HBO's Folklore: All 6 Endings Explained

HBO's Folklore examines Asian superstitions and national folkloric myths. We break down all six endings as well as connecting themes.

Warning: SPOILERS Below For Folklore!

HBO's horror anthology series, Folklore, examines Asian superstitions and national folkloric myths - and the endings for each horror segment are just as confounding as the ones before. Created by HBO Asia, Folklore's six episodes each feature directors from different countries - Indonesia, Japan, Korea, Malaysia, Singapore, and Thailand.

While Folklore's collective cast and crew are perhaps unfamiliar to Western viewers, the anthology is very much worth watching, as it allows the audience to engage with the stories, and to understand the conceptual links, including the superstitions that plague each of the aforementioned countries.

Related: Folklore Review: HBO Asia Brings Its Horror Anthology To The US

Over the past few months, Folklore's segments have premiered at various film festivals, and now, HBO subscribers can experience the horror anthology all at once. Whether it's love, loyalty, or complete lunacy, here are the underlying themes and meanings of Folklore's six endings.


Marissa Anita in Folklore HBO Asia

Folklore begins with "A Mother's Love" - an Indonesian tale from director Joko Anwar. A mother named Marni (Marissa Anita) lands a three-day job at an empty mansion, and brings along her young son, Jodi (Muzakki Ramdhan). Marni then discovers a room full of starving children in the attic, and the police return the kids to their families. Later, Marni continues to struggle financially, and also with Jodi's behavior. Meanwhile, a man on television suggests that the “Attic Children” were taken by “Wewe” - an entity that takes unloved children who are willing to leave their homes. In the ending, Marni realizes that Wewe has manipulated her thoughts, thus making her question her sanity while making Jodi feel unloved. After a brief stay at a psychiatric ward, Marni returns to the mansion’s attic and discovers her missing son. She then stands up to the entity, unafraid and ready to engage. Wewe approaches but doesn’t attack. Instead, the spirit appears to embrace the mother and son.

Folklore's “A Mother’s Love” uses psychological horror to make a statement about familial love and the pain of possibly losing a child. For dramatic purposes, the director uses disgusting visuals to set the tone. When Marni discovers the “Attic Children,” human feces are spread across the floor. Later, a victim reveals the human excrement to be their daily meals.
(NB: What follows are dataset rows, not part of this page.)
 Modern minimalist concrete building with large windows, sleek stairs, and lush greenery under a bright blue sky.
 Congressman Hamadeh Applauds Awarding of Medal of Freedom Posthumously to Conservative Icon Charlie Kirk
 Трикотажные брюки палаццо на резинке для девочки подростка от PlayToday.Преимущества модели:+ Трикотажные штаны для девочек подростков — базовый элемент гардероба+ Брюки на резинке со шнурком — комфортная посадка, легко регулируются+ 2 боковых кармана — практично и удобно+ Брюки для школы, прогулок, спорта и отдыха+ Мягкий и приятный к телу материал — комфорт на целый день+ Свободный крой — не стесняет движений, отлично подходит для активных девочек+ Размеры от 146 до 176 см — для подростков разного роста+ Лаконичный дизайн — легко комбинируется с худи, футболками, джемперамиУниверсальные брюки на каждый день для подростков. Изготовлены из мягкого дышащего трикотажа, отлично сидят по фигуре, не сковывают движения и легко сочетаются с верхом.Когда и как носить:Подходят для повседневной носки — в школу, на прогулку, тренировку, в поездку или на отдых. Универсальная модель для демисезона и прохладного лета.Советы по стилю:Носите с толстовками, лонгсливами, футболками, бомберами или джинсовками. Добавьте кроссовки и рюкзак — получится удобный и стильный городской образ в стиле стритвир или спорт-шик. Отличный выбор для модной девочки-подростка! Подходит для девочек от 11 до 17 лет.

The segment's ending revisits earlier sequences to show alternatives perspectives, thus making it seem like Marni is attempting to recover from a devastating loss. Surprisingly, “A Mother Loves” strays from traditional jump scares for a relatively heartwarming conclusion. Just as Marni loves Jodi, Wewe loves being a motherly figure, even if her techniques are deeply flawed. In this story, the spirit is misunderstood and misguided.


HBO Folklore Tatami

Directed by Takumi Saitoh, this Japanese tale is centered on tatami mat traditions, most notably the idea that a tatami mat absorbs the positive and negative feelings of all the people who have used it. To begin with, a journalist named Makoto (Kazuki Kitamura) takes photos at an abandoned house, and it’s later revealed to be a crime scene. He feels obsessed by a case known as the Shinomiya Family Massacre, but he doesn’t know why; Makoto also learns that his father has just passed away.

Upon arriving back home, he reunites with his mother, and it’s revealed that Makoto is deaf. He experiences haunting memories at home, and the discovery of a bloody tatami mat leads him into a secret room, as well as the past. Makoto's mother, Yoshiko (Misuzu Kanno), explains that her brother-in-law and his assumed uncle (actually his biological father), Koji (Shima Onishi), was killed over an inheritance dispute years before, and that his assumed father (but actual uncle), Tsukasa (Daisuke Kuroda), never fully recovered from the experience. In fact, he never smiled again. Suddenly, the rush of information leads the deaf journalist to remember a repressed memory: he survived the Shinomiya Family Massacre and was then kidnapped, with the psychological trauma being the reason for his hearing loss. In the end, the tatami mat sucks up Makoto’s “mother" and he disposes of his camera film.

Overall, Folklore's “Tatami” effectively connects the dots with flashback montages and visual clues, but it’s heavy on narrative exposition. Similarly to “A Mother’s Love,” the director revisits sequences to expand on the historical aspects and why the protagonist struggles with his memories. While this segment could’ve improved with more character depth, it stays true to the tatami mat concept, and how the past informs the present. Viewers may wonder why a bloody tatami mat is kept around after so many years, but that plot points is connected to the mother’s pride and motivations. She couldn't handle the cards that life dealt her, so she manipulated her reality as a coping mechanism. As for Makoto, he accepts the truth and moves on.